Стоит, конечно, иметь в виду, что определенная часть культурных форм и стереотипов поведения, имевших в праславянский и раннеславянский период религиозное содержание, могли утратить его к моменту крещения Руси. Подобные явления, скорее всего, имели место и в культуре других народностей, вошедших в состав Древнерусского государства. По наблюдениям С. Ш. Муслимова, чтобы судить по определенным актам поведения о религиозности человека, необходимо точно установить, что эти акты поведения действительно являются коррелятами религиозного сознания. Поэтому особенно важным показателем религиозности следует считать те формы поведения, которые почти исключают нерелигиозную мотивацию[335]. Не менее важно учитывать то, что обряд как форма воплощения религиозных воззрений не универсален; он является лишь одним из способов, посредством которого верование воплощается в действие. В тот или иной исторический период по каким-то определенным причинам эти представления могут не получить обрядового оформления или получить его одностороннее выражение[336]. Религиоведческая наука признает, что «воздействие культа на религиозное сознание является вторичным и обратным». С утратой прежних религиозных представлений, некоторые элементы культа, обладающие устойчивостью и консерватизмом, могут восприниматься вновь возникшей религиозной системой. Они наполняются новым религиозным содержанием, причем переосмысление культовых явлений отражается на религиозном сознании, вызывая в нем частичные видоизменения[337].
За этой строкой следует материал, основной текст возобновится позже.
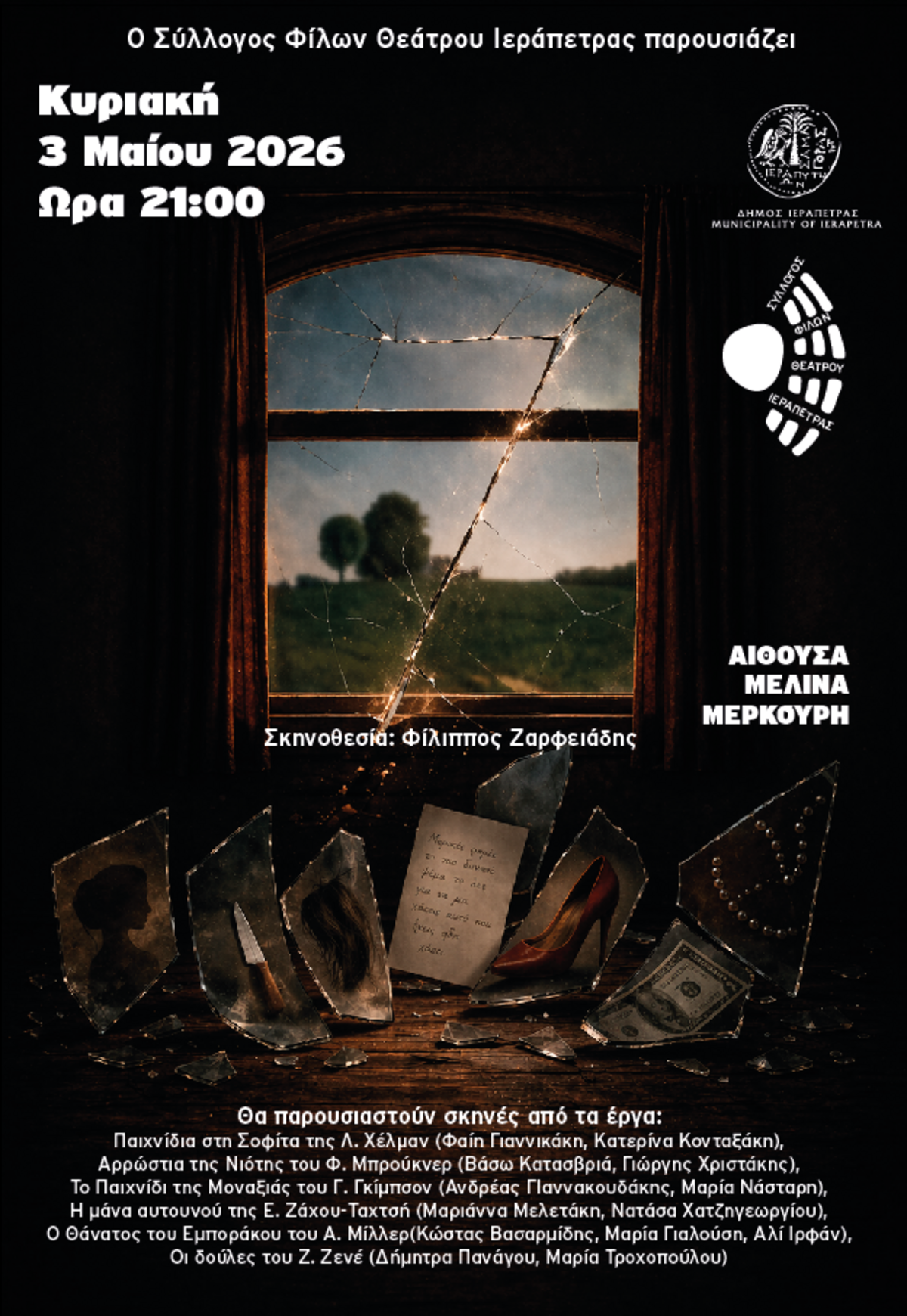 Ο Σύλλογος Φίλων Θεάτρου Ιεράπετρας, με ιδιαίτερη χαρά, παρουσιάζει την παράσταση «7», μια σύνθεση θεατρικών αποσπασμάτων που αναδεικνύουν διαχρονικά και βαθιά ανθρώπινα ζητήματα.

Не требует пояснений, что современный исследователь не имеет возможностей «спросить» древнерусского человека о мотивации тех или иных действий, известных нам из письменных или археологических источников. А значит вопрос об отнесении многих явлений древнерусской жизни к религиозной сфере, и в частности их интерпретация в качестве свидетельств о двоеверии и христианско-языческом синкретизме, остается чрезвычайно трудным. Здесь легко встать на путь ложного узнавания и прочтения символического содержания действия или предмета.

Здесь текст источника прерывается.